Le conseguenze sulla salute
Gli esseri umani possono sopportare solo determinate combinazioni di calore e umidità prima che i loro corpi inizino a sperimentare problemi di salute legati al calore, come colpi di calore o attacchi di cuore. Con il cambiamento climatico che spinge le temperature sempre più in alto in tutto il mondo, miliardi di persone potrebbero essere spinte oltre questi limiti. Dallo scoppio della Rivoluzione Industriale, quando gli esseri umani hanno iniziato a bruciare combustibili fossili in macchine e fabbriche, le temperature in tutto il mondo sono aumentate di circa 1°C, o 1,8 gradi Fahrenheit. Nel 2015, 196 nazioni hanno firmato l’Accordo di Parigi che mira a limitare l’aumento della temperatura mondiale a 1,5°C rispetto ai livelli preindustriali.
Le previsioni future e l’adattamento umano
Le previsioni per il futuro
Il team di ricerca ha modellato aumenti della temperatura globale compresi tra 1,5°C e 4°C – considerato lo scenario peggiore in cui il riscaldamento inizierebbe ad accelerare – per identificare le aree del pianeta in cui il riscaldamento porterebbe a livelli di calore e umidità che superano i limiti umani.
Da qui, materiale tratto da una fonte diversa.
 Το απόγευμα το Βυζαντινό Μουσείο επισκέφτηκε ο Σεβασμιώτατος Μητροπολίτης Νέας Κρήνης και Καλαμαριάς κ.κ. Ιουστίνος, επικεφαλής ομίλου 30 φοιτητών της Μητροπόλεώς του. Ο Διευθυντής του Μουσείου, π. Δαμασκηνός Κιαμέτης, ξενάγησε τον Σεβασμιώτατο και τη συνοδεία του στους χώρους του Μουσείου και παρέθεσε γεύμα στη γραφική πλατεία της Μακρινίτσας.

Se il riscaldamento del pianeta dovesse continuare a 3°C sopra i livelli preindustriali, i ricercatori hanno concluso, i livelli di calore e umidità che superano la tolleranza umana inizierebbero ad interessare la costa orientale e il centro degli Stati Uniti – dalla Florida a New York e da Houston a Chicago. Anche il Sud America e l’Australia sperimenterebbero un calore estremo a quel livello di riscaldamento.
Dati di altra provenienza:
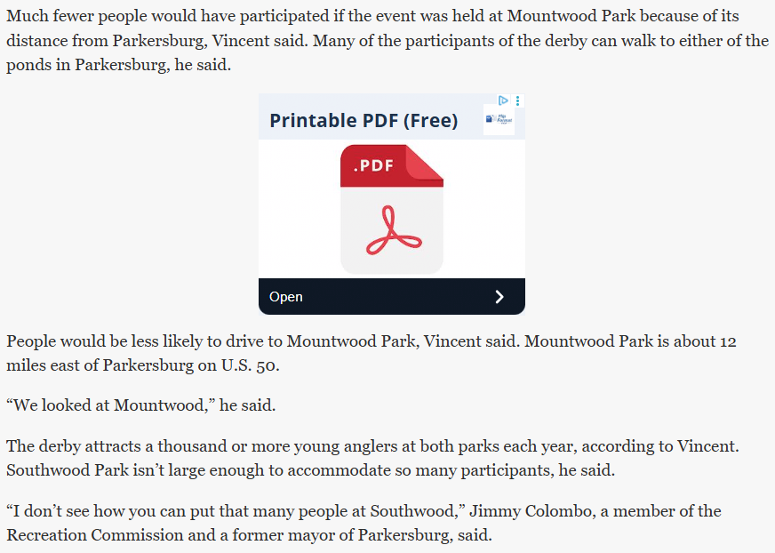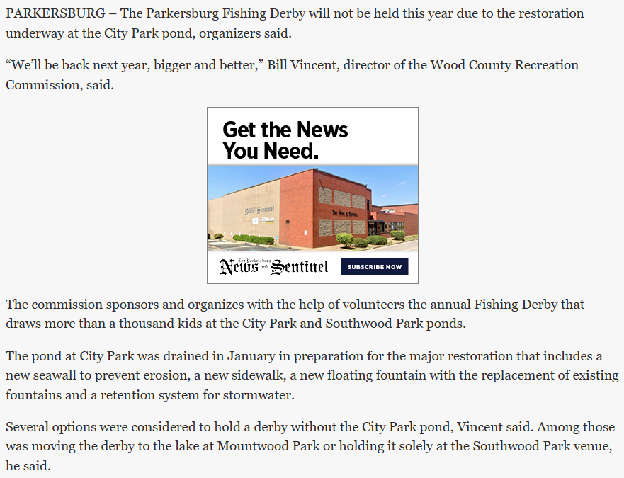 It is with heartfelt regret and careful consideration that the Parkersburg Fishing Derby Committee along with Wood County Recreation announces that this year’s Derby will not take place due to ongoing and much needed improvements. Unfortunately with logistical challenges of conducting the Derby at only one single location we will not move forward this year.

Adattamento e limiti umani
Negli ultimi anni, Kenney e i suoi collaboratori hanno condotto 462 esperimenti separati per documentare i livelli combinati di calore, umidità e sforzo fisico che gli esseri umani possono tollerare prima che i loro corpi non possano più mantenere una temperatura corporea stabile. “Man mano che le persone si riscaldano, sudano, e più sangue viene pompato verso la loro pelle in modo che possano mantenere le loro temperature corporee perdendo calore nell’ambiente”, ha detto Kenney. ”A certi livelli di calore e umidità, questi adattamenti non sono più sufficienti, e la temperatura corporea inizia a salire. Questo non è un pericolo immediato, ma richiede una forma di sollievo. Se le persone non trovano un modo per raffreddarsi entro poche ore, può portare a esaurimento da calore, colpi di calore e sforzo sul sistema cardiovascolare che può portare a attacchi di cuore nelle persone vulnerabili”.
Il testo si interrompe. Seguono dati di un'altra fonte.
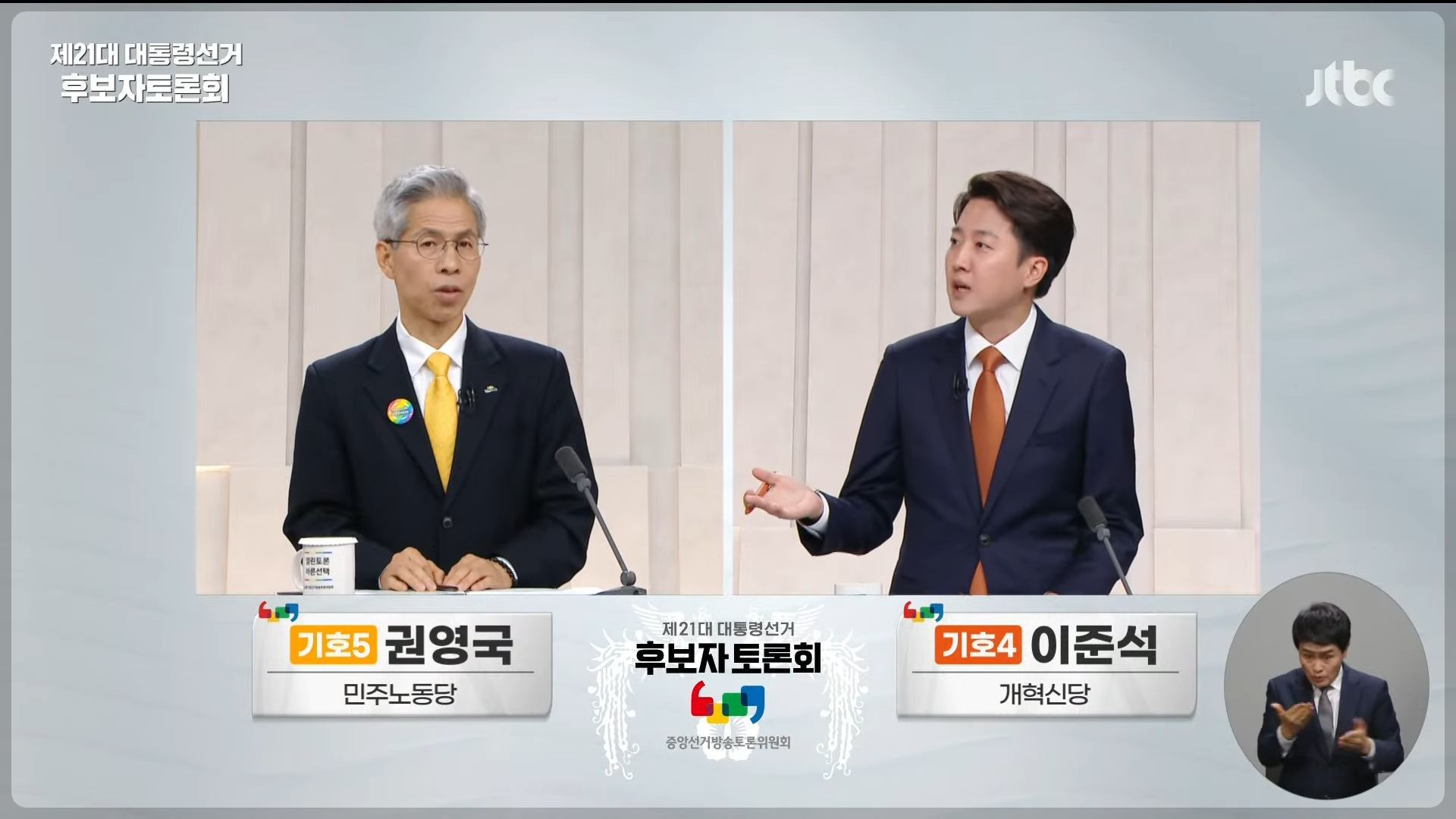2025년 5월 27일 밤, 대선 후보 TV 토론회에서 이준석 개혁신당 후보가 여성 신체와 관련된 원색적 표현을 인용하며 권영국(민주노동당), 이재명(더불어민주당) 후보에게 “이거는 여성 혐오에 해당합니까, 아닙니까?”라고 질문한 장면이 전국에 생중계됐습니다.

Il futuro del cambiamento climatico
Per fermare l’aumento delle temperature, i ricercatori citano decenni di ricerche che indicano che gli esseri umani devono ridurre l’emissione di gas serra, in particolare l’anidride carbonica emessa dalla combustione di combustibili fossili. Se non si apportano cambiamenti, i paesi a reddito medio e basso soffriranno di più, ha detto Vecellio. Ad esempio, i ricercatori hanno indicato Al Hudaydah, Yemen, una città portuale di oltre 700.000 persone sul Mar Rosso. I risultati dello studio indicano che se il pianeta si riscalda di 4°C, questa città può aspettarsi più di 300 giorni all’anno in cui le temperature superano i limiti di tolleranza umana, rendendola quasi inabitabile.